Just the chickoo when blended with milk and sugar made the milkshake unbelievably creamy and sweet. This enhances the taste of the chickoo shake greatly. Most of the milkshake shops in India add vanilla ice cream as well. I just blend the chikoo with milk and sugar and the shake tastes extremely delicious. I always end up making milkshake out if it. The fresh ripe fruits tastes incredibly sweet, it can be eaten just like that or made into milkshake. Only place where this fruit is available is in Indian stores, that too frozen ones exported from India. However, in the US, this fruit is not available. Seeing my love for this fruit, my mom planted a tree on the backyard of my Kerala house and I felt extremely happy to hear from her that it has started to yield fruits. Also, chickoo trees are commonly found in most of the houses in Kerala. On my way back from college I used to buy chikoo shake almost everyday. In fact, there was a milkshake shop near to my house in Kerala and I was a regular customer. With this one on the menu, I never had to think twice on which milkshake to order. Add the chikoos, banana, milk, and yogurt to a blender and process until the ingredients. 5 chikoos, peeled, deseeded and chopped 1 banana 3 cups whole milk cup greek yogurt 3 ice cubes, to serve Method. In India, Chickoo shake is commonly found on the milkshake menu. If the season’s hot or you’ve just finished a workout, this is an ideal recipe for cooling down. This is widely found in India, Mexico and Central America.

Sapodilla or sapota or chickoo, is a fruit with exceptionally sweet malty flavor, its flavor closely resembles to that of caramel.

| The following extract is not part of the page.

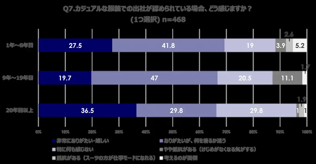 | 20年目以上は”非常ありがたい”・”嬉しい”の割合が高い=自分が着たいものを着たい、もしくは固い格好をしたくない。一方で、9年~19年目、1年~8年目は”迷う”や”抵抗がある”等のマイナスのイメージが強い結果になりました。 | |||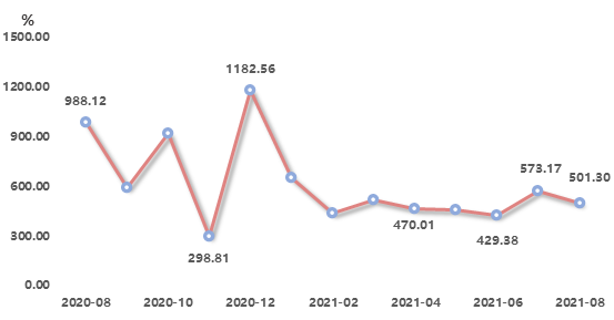 一、浙江省排污權(quán)交易指數(shù)分析 浙江省排污權(quán)交易指數(shù)盤整小幅回落。2021年8月,排污權(quán)交易指數(shù)小幅下探,收?qǐng)?bào)于501.30點(diǎn),環(huán)比下跌12.54%,與上年同期相比下降49.27%。圖 1 浙江省排污權(quán)交易指數(shù) 四項(xiàng)排污權(quán)指標(biāo):化學(xué)需氧量收?qǐng)?bào)于786.73點(diǎn)(對(duì)應(yīng)價(jià)格31469.13元/噸&middo...

Honestly, the best way to eat this fruit is by itself.When it comes to milkshake, I know what exactly I want, my all time favorite: Chickoo shake… There are quite a few interesting recipes out there, from chickoo halwa, kheer, to even barfis. Now while the fruit isn't really cooked, or even used in salads (except for maybe fruit salads), probably due its supremely dominating flavours, the sapota can be blended into milk or yogurt and had as a smoothie. The varieties of sapota in India have funny names - Kali Patli, cricket ball, Baramati, Pili Patli, Dwarapudi, Chhatri and so on. Incidentally, Karnataka is known to be the highest grower of the fruit, followed by Maharashtra. In India, the sapota is grown in many states - Karnataka, Gujarat, Maharashtra, Tamil Nadu, West Bengal and Andhra Pradesh.

With its roots in Mexico, Easter Guatemala and Belize (on the eastern coast of central America), the Colonisers took it to the Philippines from where it travelled to the rest of Asia, making its way into India only in the late nineteenth century. Had it not been for them, the chickoo, chikoo or sapota would have perhaps never come to India. We have something to thank the Spanish for. But taking the middle path, we're not quite sure. It's quite easy to either love the sapota or hate it.
#Chikoo recipes skin
The heady sweet aroma of sapota is unmistakable, with its fleshy brown skin and grainy sweetness in the inside.